(GOAL OF THE EXERCISE)
The data below is to be transcribed word for word; pictures are to be excluded.

(THE RECORDS)

--------------------------------------------------

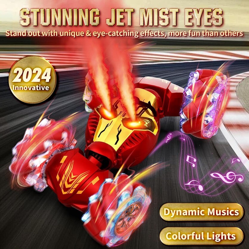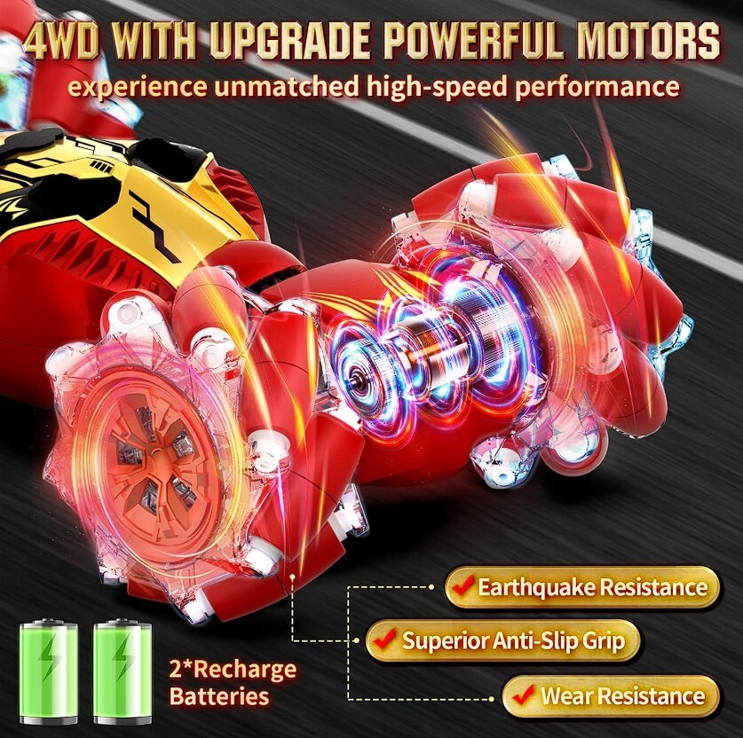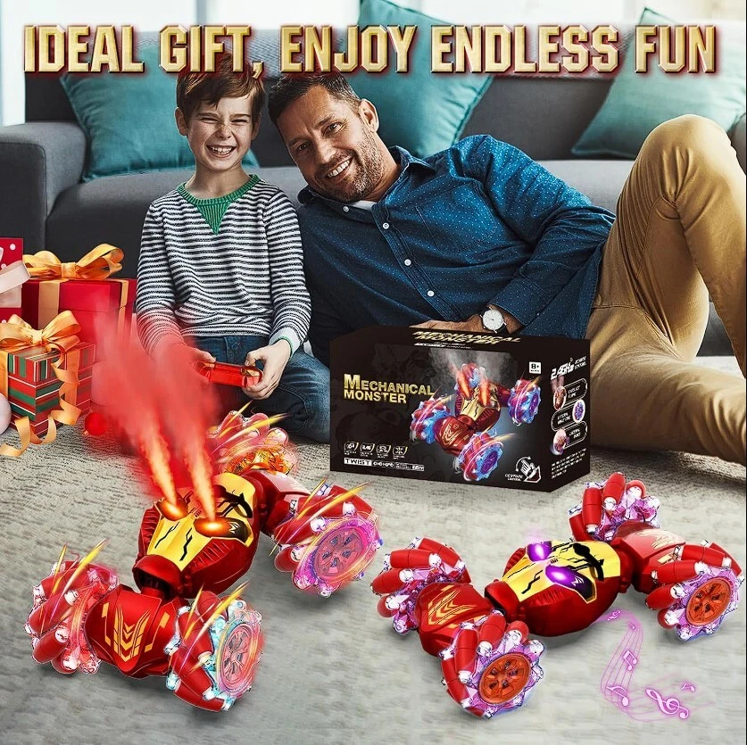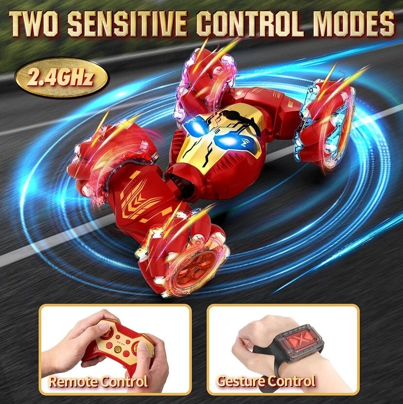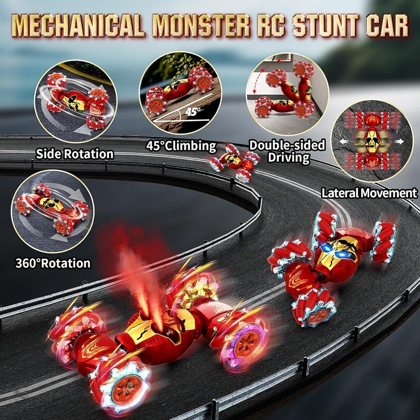 Newly Upgraded With Mist-Spraying Eyes: This 2024 latest upgraded gesture sensing RC stunt car boasts a super cool mist-spraying eyes feature, standing out with its unique effects, adding excitement to every race. The stylish design combines dazzling LED lights and dynamic music, delivering an unparalleled visual and auditory experience that kids will absolutely enjoy this 4WD RC drift car. Ultimate Stunt Car & Omni-Drifting: Get ready for heart-pounding stunts with Lozadia remote control car! This mechanical monster supports transformations, 360° rotation, sideways movement, double-sided driving, forward/backward or climbing. The strong 4WD system provides superior power and high-speed for stunning racing experience. Whether indoors or outdoors, this rc cars guarantees a thrilling driving, inspiring kids' adventure and creativity! All-Terrain Conqueror for Endless Adventure: Featuring bionic joints and dual-sided roller wheels, this RC Stunt Car effortlessly switches between on-road and off-road modes. It conquers challenging terrains like sand, grass, dirt, and rocks with ease. The high-performance, durable tires provide superior grip and shock absorption, ensuring the car remains intact after impacts, ready to tackle any terrain fearlessly. Two Remote Controls & Infinite Playtime: Featuring both a handheld remote and magical gesture control, simply wave your hand with the sensor watch for interactive stunts. The 2.4GHz anti-interference technology lets multiple cars race together without signal issues. The rc cars for boys age 8-12+ is equipped with 2 rechargeable batteries that can be alternately charged, let kids enjoy endless fun with our twist car. Perfect Gift for Boys & Girls Ages 6-12+: Lozadia remote control stunt car is a fantastic gift for boys and girls 6 7 8 9 10 11 12+ years old, offering fun for the whole family. Whether for birthdays, Christmas, New Year, Children's Day, or parties, this exciting, gesture-controlled car is an ideal car toys for boys and girls. It brings joy, excitement, and a thrilling experience that kids and adults alike will love!
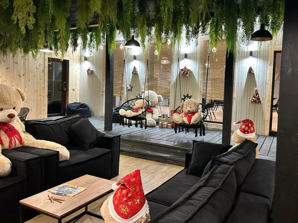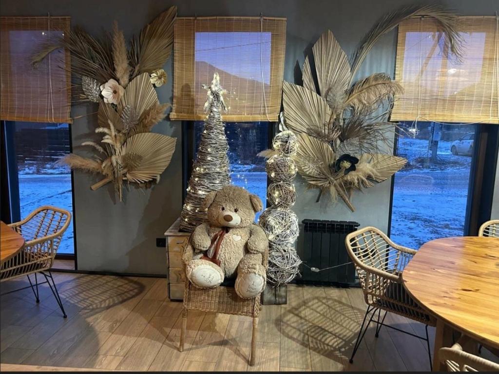 Современный, уютный интерьер ресторана спроектирован на 40 посадочных мест площадью 100 квадратных метров. Витражные окна с видами на горную реку "Катунь" обеспечивают максимальную атмосферность в любое время суток и в не зависимости от времени года.
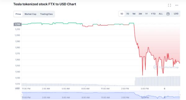 据CoinMarketCap,马斯克的民调结果出来后,特斯拉通证化股票(Tokenized Stock)下跌了5%以上。
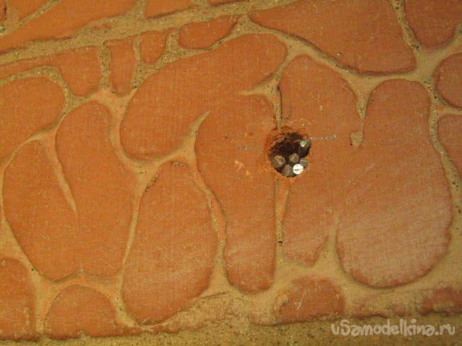 Дождавшись полного высыхания, привинтил поручень на место. Пользовался обычным приемом для бетонных поверхностей – провертел глухую дырку, вставил дюбель, завернул шуруп. Разметил места для отверстий – приложил поручень на место, выровнял его относительно ближайших горизонтальных швов и по краям печи, сквозь отверстия поставил карандашиком метки. Отверстия сверлил на невысоких оборотах. Хорошо работает тот же перфоратор в режиме сверления. Красный кирпич просверлил стандартным буром. Режим долбления не стоит применять – глиняный раствор не так уж и прочен, а сверлится кирпич удовлетворительно.
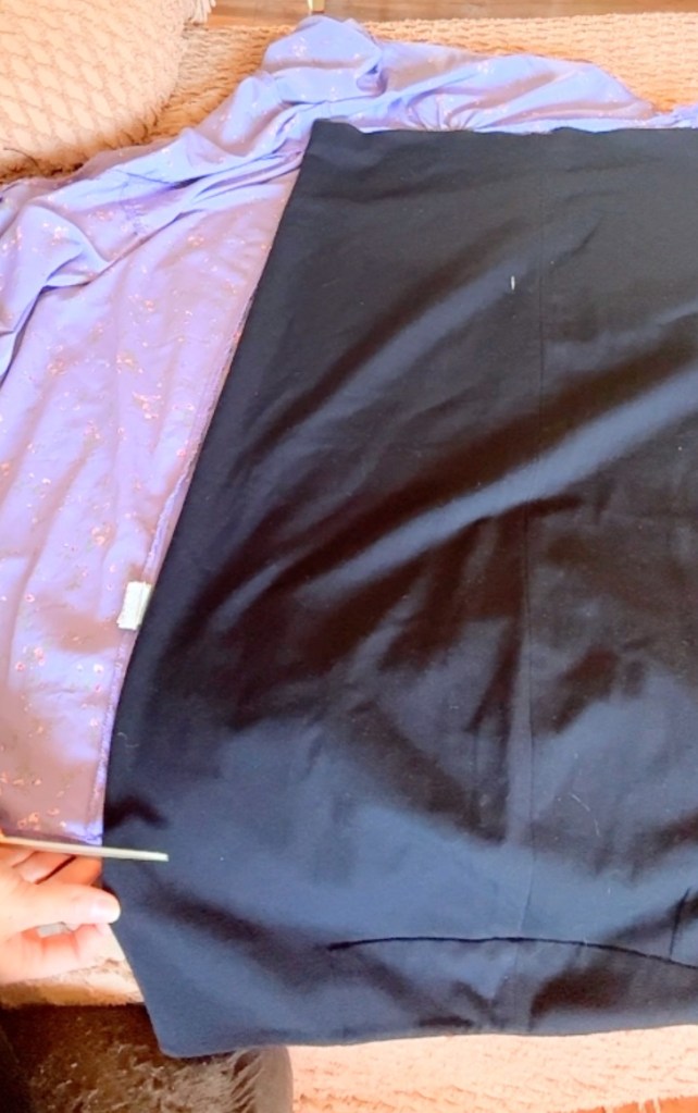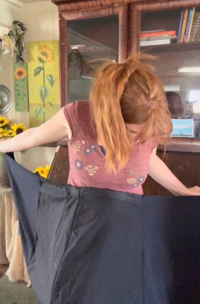 Then, for the middle panel of the skirt, I pieced together my husband’s torn dress pants. I cut them down and rearranged the fabric to make them work.
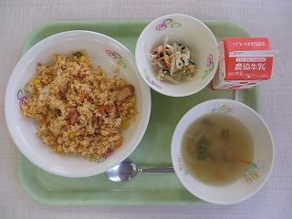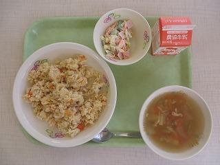 鮭チャーハン マカロニサラダ 中華スープ 牛乳

--------------------------------------------------

(RESPONSE TO THE EXERCISE)
 Newly Upgraded With Mist-Spraying Eyes: This 2024 latest upgraded gesture sensing RC stunt car boasts a super cool mist-spraying eyes feature, standing out with its unique effects, adding excitement to every race. The stylish design combines dazzling LED lights and dynamic music, delivering an unparalleled visual and auditory experience that kids will absolutely enjoy this 4WD RC drift car. Ultimate Stunt Car & Omni-Drifting: Get ready for heart-pounding stunts with Lozadia remote control car! This mechanical monster supports transformations, 360° rotation, sideways movement, double-sided driving, forward/backward or climbing. The strong 4WD system provides superior power and high-speed for stunning racing experience. Whether indoors or outdoors, this rc cars guarantees a thrilling driving, inspiring kids' adventure and creativity! All-Terrain Conqueror for Endless Adventure: Featuring bionic joints and dual-sided roller wheels, this RC Stunt Car effortlessly switches between on-road and off-road modes. It conquers challenging terrains like sand, grass, dirt, and rocks with ease. The high-performance, durable tires provide superior grip and shock absorption, ensuring the car remains intact after impacts, ready to tackle any terrain fearlessly. Two Remote Controls & Infinite Playtime: Featuring both a handheld remote and magical gesture control, simply wave your hand with the sensor watch for interactive stunts. The 2.4GHz anti-interference technology lets multiple cars race together without signal issues. The rc cars for boys age 8-12+ is equipped with 2 rechargeable batteries that can be alternately charged, let kids enjoy endless fun with our twist car. Perfect Gift for Boys & Girls Ages 6-12+: Lozadia remote control stunt car is a fantastic gift for boys and girls 6 7 8 9 10 11 12+ years old, offering fun for the whole family. Whether for birthdays, Christmas, New Year, Children's Day, or parties, this exciting, gesture-controlled car is an ideal car toys for boys and girls. It brings joy, excitement, and a thrilling experience that kids and adults alike will love!
 Современный, уютный интерьер ресторана спроектирован на 40 посадочных мест площадью 100 квадратных метров. Витражные окна с видами на горную реку "Катунь" обеспечивают максимальную атмосферность в любое время суток и в не зависимости от времени года.
 据CoinMarketCap,马斯克的民调结果出来后,特斯拉通证化股票(Tokenized Stock)下跌了5%以上。
 Дождавшись полного высыхания, привинтил поручень на место. Пользовался обычным приемом для бетонных поверхностей – провертел глухую дырку, вставил дюбель, завернул шуруп. Разметил места для отверстий – приложил поручень на место, выровнял его относительно ближайших горизонтальных швов и по краям печи, сквозь отверстия поставил карандашиком метки. Отверстия сверлил на невысоких оборотах. Хорошо работает тот же перфоратор в режиме сверления. Красный кирпич просверлил стандартным буром. Режим долбления не стоит применять – глиняный раствор не так уж и прочен, а сверлится кирпич удовлетворительно.
 Then, for the middle panel of the skirt, I pieced together my husband’s torn dress pants. I cut them down and rearranged the fabric to make them work.
 鮭チャーハン マカロニサラダ 中華スープ 牛乳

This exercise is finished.